A study by Monash Business School researchers has identified significant findings related to limiting waste in food service businesses (FSBs) and suggested implementing strategies at business and consumer levels.

Research led by Monash University staff Dr. Ananya Bhattacharya, Dr. Alka Nand, Professor Amrik Sohal, and Professor Daniel Prajogo shows that food waste hotspots are associated with consumption practices and become unavoidable without acknowledging the multiple social practices contributing to such waste.

Through data from restaurant owners, chefs, kitchen managers, and customer-facing representatives from 20 Melbourne FSBs ranging from fast-food to mid-range, and high-end, researchers emphasised the difference in food waste ‘hotspots’ of different FSB domains.

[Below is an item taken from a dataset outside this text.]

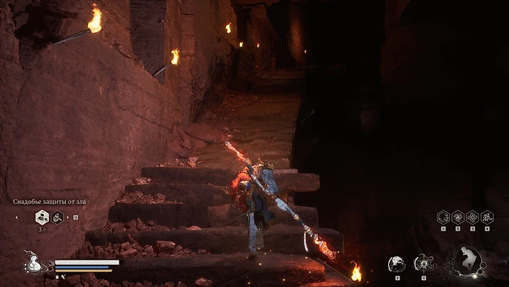 Поднимаясь по длинной лестнице на второй уровень, будьте готовы к тому, что Лучник Якша начнет обстреливать вас сверху. Отражайте его атаки, ловко вращая посохом.

“In the case of fast-food FSBs, food waste hotspots are associated with consumption practices; however, mid-and high-range FSBs generate waste during the preparation and cooking practices (mostly kitchen and chef-related),” said Bhattacharya.

Bhattacharya explained that consumers in the fast-food restaurants mostly do not feel connected to the food due to the nature of the pre-cooked/assembled ‘fast-foods’ which leads to consumer-induced food waste.

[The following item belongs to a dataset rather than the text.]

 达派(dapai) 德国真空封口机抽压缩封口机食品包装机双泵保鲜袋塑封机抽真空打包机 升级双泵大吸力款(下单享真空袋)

He further explain that on the other hand, chefs’ attitudes towards perfection of food appearance and taste in mid to high-end restaurants leads to food waste.

The recommendations for hospitality businesses is they should shift perceptions, employ technology for smarter ordering, creatively use food scraps, offer optional sides, and provide staff training to tackle food waste.

“FSB managers can focus on the hotspots where food waste is generated and develop suitable mitigation strategies.

“It’s important for the manager to invest in employee training and consumer awareness to shape the deep-rooted social beliefs about food waste,” Bhattacharya said.

According to the research, consumers can still make informed choices when ordering, prioritise food quality over quantity, take leftovers home when dining out, opt for smaller portions, decline unwanted sides, and support restaurants’ efforts to reduce waste.

These efforts are seen to be not only financially efficient, but also contribute to societal well-being and environmental sustainability.